Archimède

Pop Decennium, le nouvel album d’Archimède enregistré en live au printemps dernier, hisse de nouveau les frères Boisnard au sommet de la pop française. Un style que Nico et Fred revendiquent haut et fort depuis leurs débuts, dans le sillage de leur mentor, Jacques Dutronc, à qui ils rendent d’ailleurs hommage à l’occasion d’une nouvelle chanson dans laquelle ils dutronnent à loisir, au gré du verbe « Dutronner », donc, tout droit sorti du chapeau de Nico pour définir l’art de prendre son temps… voire de glander !
L’ADN du combo : pouvoir amuser, faire rire puis, l’instant d’après, toucher l’auditeur en plein cœur. C’est ce grand huit émotionnel qu’Archimède propose et défend brillamment sur scène, raison pour laquelle la critique a toujours plébiscité le duo (du Parisien à Télérama en passant par Libération ou le Figaro). Nommés deux fois aux Victoires de la musique, les deux frangins repartent cette fois sur les routes accompagnés de deux musiciens, aux fins de prêcher la bonne parole pop aux quatre coins de l’hexagone.

Joseph Chedid

L’histoire commence maintenant, page 33 : à 33 ans Joseph Chedid apparaît, avec SOURCE, sous son nom d’état civil. Fin du pseudonyme, il n’est plus qu’un artiste. Il s’est simplement donné le temps de devenir lui-même.
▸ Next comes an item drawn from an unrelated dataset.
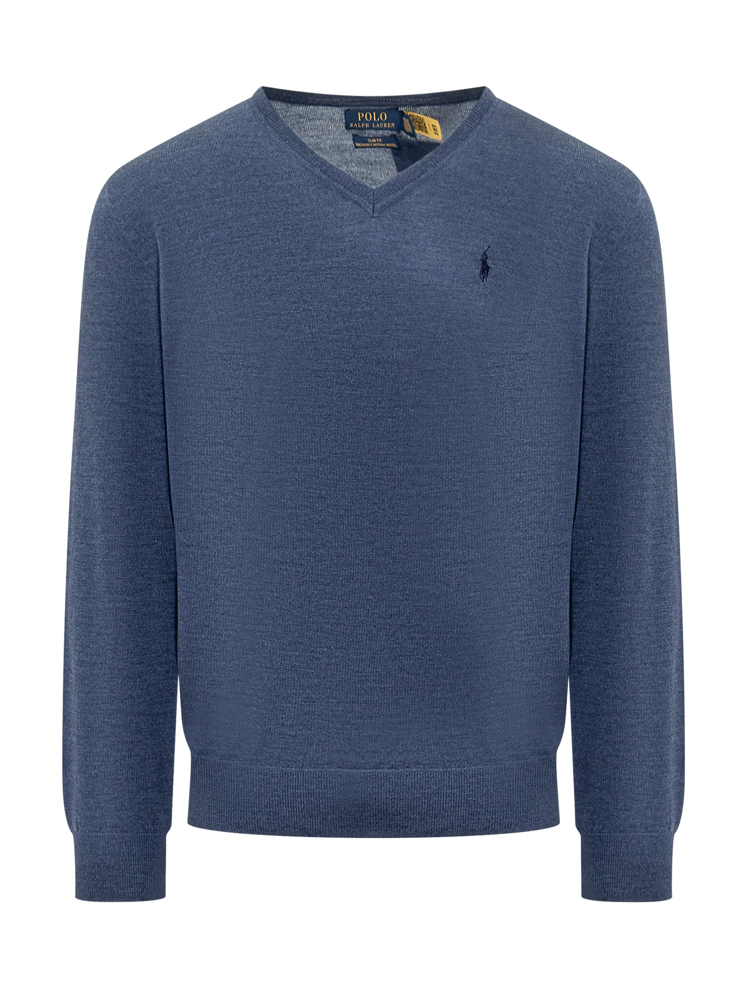 Pullover a maniche lunghe con scollo a V. Orli a costine. Logo ricamato sul davanti.

Il écrit, compose, chante, joue de multiples instruments (guitare, basse, batterie, piano, synthé…) et peint des toiles qui deviennent parfois les visuels de ses disques. Il ne se soustrait à aucune étape allant de la production à la distribution de sa musique. Il n’est pas pour autant un « control freak » et reste attentif, ouvert aux beaux hasards, aux heureux accidents qui enrichissent le processus créatif. Il laisse de l’air à ses chansons pour qu’elles respirent, prennent vie, s’envolent… et nous touchent.  

 

Johnny est mort

Tout sauf funeste, la musique de Johnny est mort célèbre avec liesse et entrain le flirt amoureux, les rêveries pastel et les parfums éthérés d’une jeunesse affamée d’aujourd’hui, d’hier ou de demain.

Ivres et décomplexées, les mélodies de ces trois garçons cultivent la simplicité et l’efficience, avec pour seul objectif celui de vous faire taper du pied et de vous entraîner, toujours un peu plus, dans le tourbillon coloré de leurs extravagances voraces et pleines de légèreté.